TASK INPUT section start

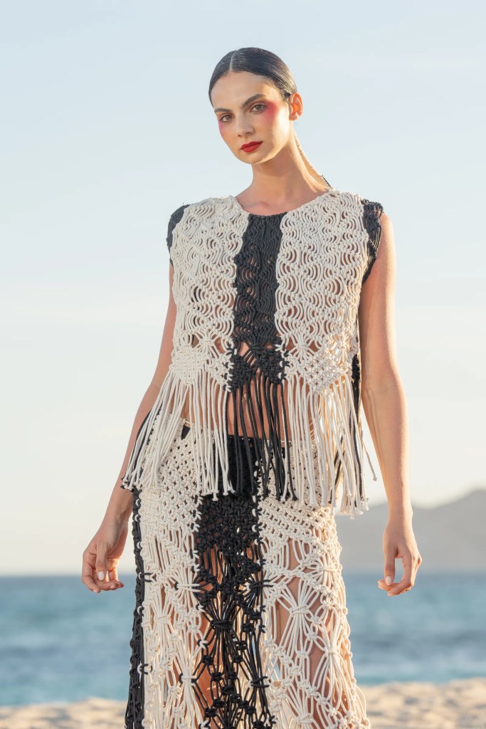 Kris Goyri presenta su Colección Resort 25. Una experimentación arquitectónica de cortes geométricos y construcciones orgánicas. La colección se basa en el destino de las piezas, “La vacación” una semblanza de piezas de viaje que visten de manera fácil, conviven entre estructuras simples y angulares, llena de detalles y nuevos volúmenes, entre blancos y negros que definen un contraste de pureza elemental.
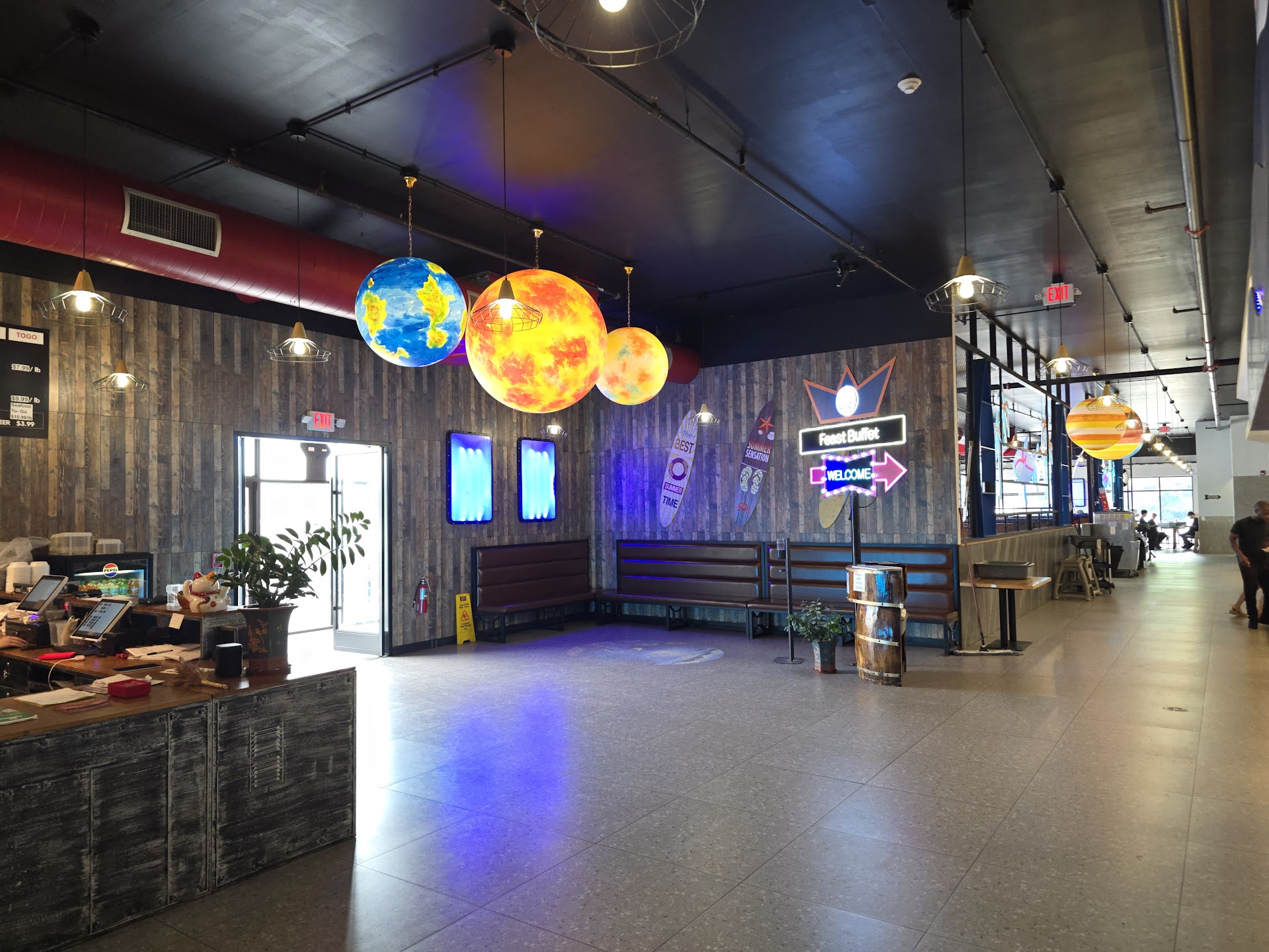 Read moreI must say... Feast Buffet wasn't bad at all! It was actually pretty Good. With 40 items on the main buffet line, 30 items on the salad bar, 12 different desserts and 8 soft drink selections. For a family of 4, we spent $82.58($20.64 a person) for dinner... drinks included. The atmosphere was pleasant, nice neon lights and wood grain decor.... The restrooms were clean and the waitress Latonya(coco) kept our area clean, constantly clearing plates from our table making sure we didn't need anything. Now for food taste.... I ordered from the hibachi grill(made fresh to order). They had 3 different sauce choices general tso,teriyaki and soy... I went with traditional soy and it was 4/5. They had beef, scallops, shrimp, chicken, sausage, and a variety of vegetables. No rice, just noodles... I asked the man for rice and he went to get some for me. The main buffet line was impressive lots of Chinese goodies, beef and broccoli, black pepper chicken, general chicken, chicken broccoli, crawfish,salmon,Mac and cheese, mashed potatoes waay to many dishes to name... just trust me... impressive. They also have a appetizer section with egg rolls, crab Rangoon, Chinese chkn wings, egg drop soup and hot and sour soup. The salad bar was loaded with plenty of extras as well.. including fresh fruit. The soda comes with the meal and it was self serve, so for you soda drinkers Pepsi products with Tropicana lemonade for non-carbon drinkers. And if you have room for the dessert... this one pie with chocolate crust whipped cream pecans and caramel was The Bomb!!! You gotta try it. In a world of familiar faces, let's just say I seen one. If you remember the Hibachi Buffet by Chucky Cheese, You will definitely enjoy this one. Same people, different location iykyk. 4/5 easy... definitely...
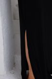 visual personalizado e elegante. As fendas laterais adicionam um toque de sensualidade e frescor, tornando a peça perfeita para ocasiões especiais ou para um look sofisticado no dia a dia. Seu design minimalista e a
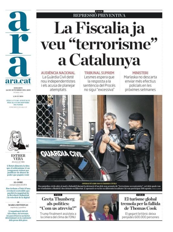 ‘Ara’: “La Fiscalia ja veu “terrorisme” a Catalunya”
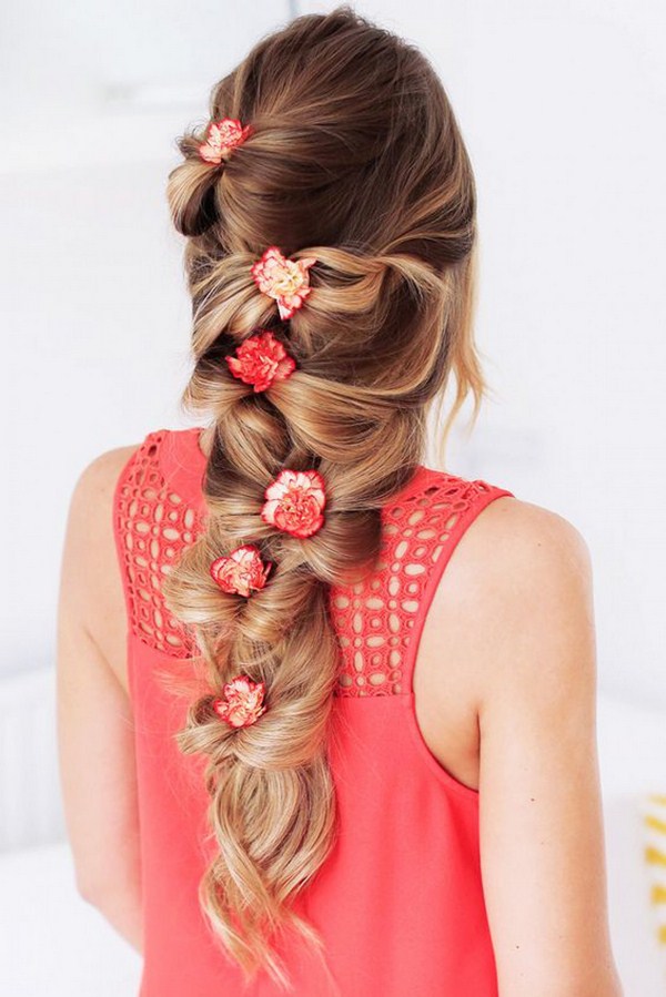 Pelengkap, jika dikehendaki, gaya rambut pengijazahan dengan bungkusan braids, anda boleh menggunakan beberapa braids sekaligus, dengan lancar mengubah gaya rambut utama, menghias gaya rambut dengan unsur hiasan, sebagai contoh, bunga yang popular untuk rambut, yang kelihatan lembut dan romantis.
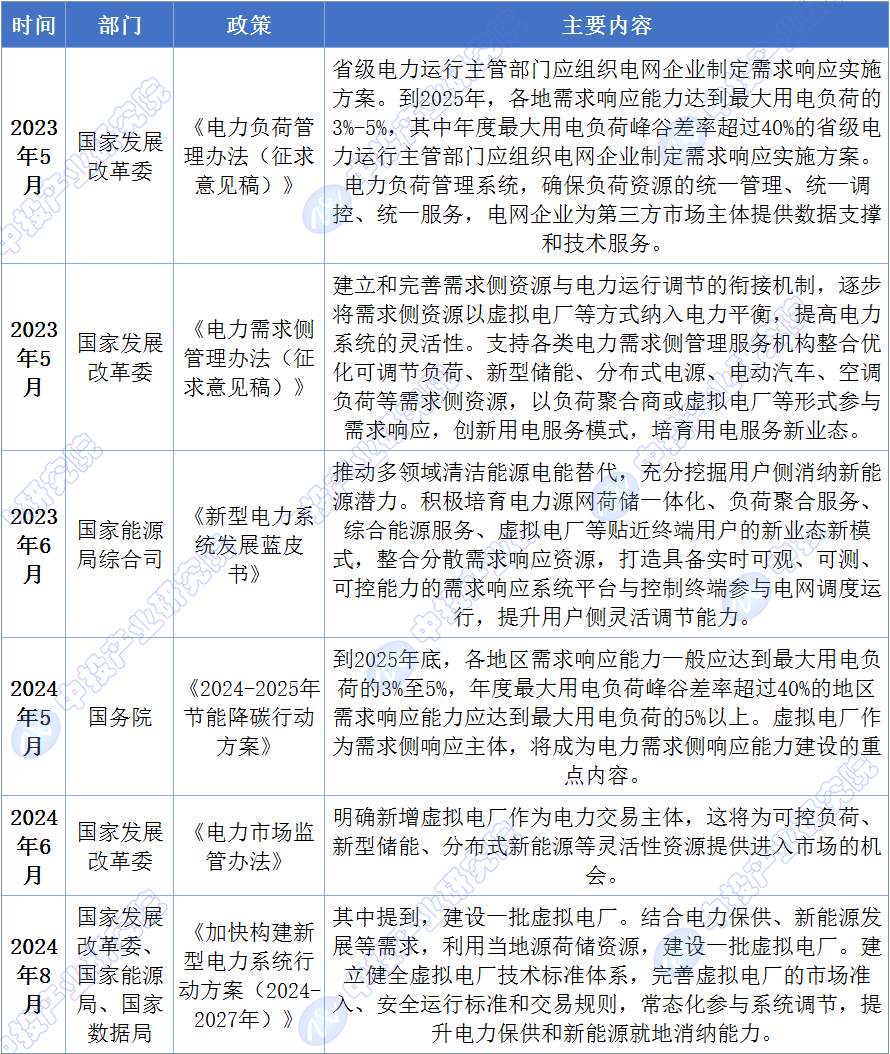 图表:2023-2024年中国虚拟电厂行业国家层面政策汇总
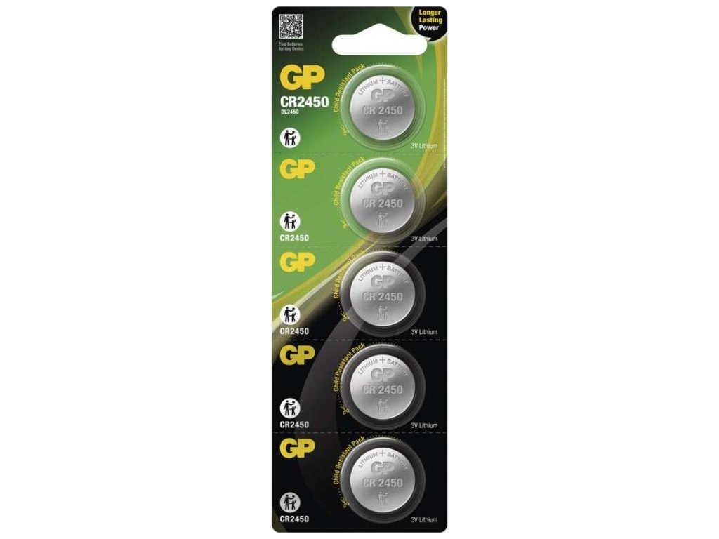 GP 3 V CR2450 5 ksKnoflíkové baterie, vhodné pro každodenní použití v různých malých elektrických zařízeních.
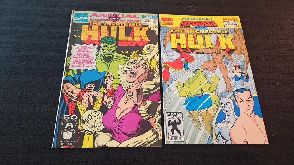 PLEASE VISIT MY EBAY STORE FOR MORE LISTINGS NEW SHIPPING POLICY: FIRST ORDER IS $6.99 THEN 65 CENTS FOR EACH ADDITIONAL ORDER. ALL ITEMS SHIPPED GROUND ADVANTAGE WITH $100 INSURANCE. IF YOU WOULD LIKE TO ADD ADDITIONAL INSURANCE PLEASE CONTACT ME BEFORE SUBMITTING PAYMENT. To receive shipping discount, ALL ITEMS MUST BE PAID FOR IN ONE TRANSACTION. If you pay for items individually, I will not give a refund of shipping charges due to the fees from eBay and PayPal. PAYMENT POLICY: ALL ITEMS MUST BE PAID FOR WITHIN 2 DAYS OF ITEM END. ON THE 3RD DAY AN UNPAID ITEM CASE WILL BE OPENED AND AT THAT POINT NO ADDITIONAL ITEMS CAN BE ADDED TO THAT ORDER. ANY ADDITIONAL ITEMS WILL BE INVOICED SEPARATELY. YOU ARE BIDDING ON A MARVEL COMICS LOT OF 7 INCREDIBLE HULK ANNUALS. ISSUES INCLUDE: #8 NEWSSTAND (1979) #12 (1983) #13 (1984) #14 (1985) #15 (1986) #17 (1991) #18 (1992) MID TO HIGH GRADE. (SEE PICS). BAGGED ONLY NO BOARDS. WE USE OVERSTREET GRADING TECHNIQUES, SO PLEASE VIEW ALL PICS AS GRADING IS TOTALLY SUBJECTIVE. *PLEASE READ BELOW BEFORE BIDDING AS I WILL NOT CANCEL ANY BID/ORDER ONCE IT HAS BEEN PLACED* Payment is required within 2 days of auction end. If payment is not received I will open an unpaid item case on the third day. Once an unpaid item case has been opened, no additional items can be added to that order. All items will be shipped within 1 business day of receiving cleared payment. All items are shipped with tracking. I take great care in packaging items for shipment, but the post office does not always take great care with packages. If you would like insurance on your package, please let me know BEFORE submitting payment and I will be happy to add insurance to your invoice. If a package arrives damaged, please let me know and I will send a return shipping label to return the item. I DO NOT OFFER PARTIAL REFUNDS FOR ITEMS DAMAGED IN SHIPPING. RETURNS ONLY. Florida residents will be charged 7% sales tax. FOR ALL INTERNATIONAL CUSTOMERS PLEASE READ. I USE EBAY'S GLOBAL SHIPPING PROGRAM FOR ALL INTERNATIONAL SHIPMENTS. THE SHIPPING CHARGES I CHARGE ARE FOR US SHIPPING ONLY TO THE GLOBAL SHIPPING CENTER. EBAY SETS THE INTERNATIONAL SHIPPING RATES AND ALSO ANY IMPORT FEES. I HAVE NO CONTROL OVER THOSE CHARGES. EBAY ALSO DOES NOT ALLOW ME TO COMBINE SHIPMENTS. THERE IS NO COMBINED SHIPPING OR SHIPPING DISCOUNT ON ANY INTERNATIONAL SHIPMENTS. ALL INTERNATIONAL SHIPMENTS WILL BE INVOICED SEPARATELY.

TASK INPUT section end

#### WHAT THE TASK REQUIRES:
The answer must reproduce every line of the records above exactly, with all pictures left out.

#### YOUR SOLUTION:
 Kris Goyri presenta su Colección Resort 25. Una experimentación arquitectónica de cortes geométricos y construcciones orgánicas. La colección se basa en el destino de las piezas, “La vacación” una semblanza de piezas de viaje que visten de manera fácil, conviven entre estructuras simples y angulares, llena de detalles y nuevos volúmenes, entre blancos y negros que definen un contraste de pureza elemental.
 Read moreI must say... Feast Buffet wasn't bad at all! It was actually pretty Good. With 40 items on the main buffet line, 30 items on the salad bar, 12 different desserts and 8 soft drink selections. For a family of 4, we spent $82.58($20.64 a person) for dinner... drinks included. The atmosphere was pleasant, nice neon lights and wood grain decor.... The restrooms were clean and the waitress Latonya(coco) kept our area clean, constantly clearing plates from our table making sure we didn't need anything. Now for food taste.... I ordered from the hibachi grill(made fresh to order). They had 3 different sauce choices general tso,teriyaki and soy... I went with traditional soy and it was 4/5. They had beef, scallops, shrimp, chicken, sausage, and a variety of vegetables. No rice, just noodles... I asked the man for rice and he went to get some for me. The main buffet line was impressive lots of Chinese goodies, beef and broccoli, black pepper chicken, general chicken, chicken broccoli, crawfish,salmon,Mac and cheese, mashed potatoes waay to many dishes to name... just trust me... impressive. They also have a appetizer section with egg rolls, crab Rangoon, Chinese chkn wings, egg drop soup and hot and sour soup. The salad bar was loaded with plenty of extras as well.. including fresh fruit. The soda comes with the meal and it was self serve, so for you soda drinkers Pepsi products with Tropicana lemonade for non-carbon drinkers. And if you have room for the dessert... this one pie with chocolate crust whipped cream pecans and caramel was The Bomb!!! You gotta try it. In a world of familiar faces, let's just say I seen one. If you remember the Hibachi Buffet by Chucky Cheese, You will definitely enjoy this one. Same people, different location iykyk. 4/5 easy... definitely...
 visual personalizado e elegante. As fendas laterais adicionam um toque de sensualidade e frescor, tornando a peça perfeita para ocasiões especiais ou para um look sofisticado no dia a dia. Seu design minimalista e a
 ‘Ara’: “La Fiscalia ja veu “terrorisme” a Catalunya”
 Pelengkap, jika dikehendaki, gaya rambut pengijazahan dengan bungkusan braids, anda boleh menggunakan beberapa braids sekaligus, dengan lancar mengubah gaya rambut utama, menghias gaya rambut dengan unsur hiasan, sebagai contoh, bunga yang popular untuk rambut, yang kelihatan lembut dan romantis.
 图表:2023-2024年中国虚拟电厂行业国家层面政策汇总
 GP 3 V CR2450 5 ksKnoflíkové baterie, vhodné pro každodenní použití v různých malých elektrických zařízeních.
 PLEASE VISIT MY EBAY STORE FOR MORE LISTINGS NEW SHIPPING POLICY: FIRST ORDER IS $6.99 THEN 65 CENTS FOR EACH ADDITIONAL ORDER. ALL ITEMS SHIPPED GROUND ADVANTAGE WITH $100 INSURANCE. IF YOU WOULD LIKE TO ADD ADDITIONAL INSURANCE PLEASE CONTACT ME BEFORE SUBMITTING PAYMENT. To receive shipping discount, ALL ITEMS MUST BE PAID FOR IN ONE TRANSACTION. If you pay for items individually, I will not give a refund of shipping charges due to the fees from eBay and PayPal. PAYMENT POLICY: ALL ITEMS MUST BE PAID FOR WITHIN 2 DAYS OF ITEM END. ON THE 3RD DAY AN UNPAID ITEM CASE WILL BE OPENED AND AT THAT POINT NO ADDITIONAL ITEMS CAN BE ADDED TO THAT ORDER. ANY ADDITIONAL ITEMS WILL BE INVOICED SEPARATELY. YOU ARE BIDDING ON A MARVEL COMICS LOT OF 7 INCREDIBLE HULK ANNUALS. ISSUES INCLUDE: #8 NEWSSTAND (1979) #12 (1983) #13 (1984) #14 (1985) #15 (1986) #17 (1991) #18 (1992) MID TO HIGH GRADE. (SEE PICS). BAGGED ONLY NO BOARDS. WE USE OVERSTREET GRADING TECHNIQUES, SO PLEASE VIEW ALL PICS AS GRADING IS TOTALLY SUBJECTIVE. *PLEASE READ BELOW BEFORE BIDDING AS I WILL NOT CANCEL ANY BID/ORDER ONCE IT HAS BEEN PLACED* Payment is required within 2 days of auction end. If payment is not received I will open an unpaid item case on the third day. Once an unpaid item case has been opened, no additional items can be added to that order. All items will be shipped within 1 business day of receiving cleared payment. All items are shipped with tracking. I take great care in packaging items for shipment, but the post office does not always take great care with packages. If you would like insurance on your package, please let me know BEFORE submitting payment and I will be happy to add insurance to your invoice. If a package arrives damaged, please let me know and I will send a return shipping label to return the item. I DO NOT OFFER PARTIAL REFUNDS FOR ITEMS DAMAGED IN SHIPPING. RETURNS ONLY. Florida residents will be charged 7% sales tax. FOR ALL INTERNATIONAL CUSTOMERS PLEASE READ. I USE EBAY'S GLOBAL SHIPPING PROGRAM FOR ALL INTERNATIONAL SHIPMENTS. THE SHIPPING CHARGES I CHARGE ARE FOR US SHIPPING ONLY TO THE GLOBAL SHIPPING CENTER. EBAY SETS THE INTERNATIONAL SHIPPING RATES AND ALSO ANY IMPORT FEES. I HAVE NO CONTROL OVER THOSE CHARGES. EBAY ALSO DOES NOT ALLOW ME TO COMBINE SHIPMENTS. THERE IS NO COMBINED SHIPPING OR SHIPPING DISCOUNT ON ANY INTERNATIONAL SHIPMENTS. ALL INTERNATIONAL SHIPMENTS WILL BE INVOICED SEPARATELY.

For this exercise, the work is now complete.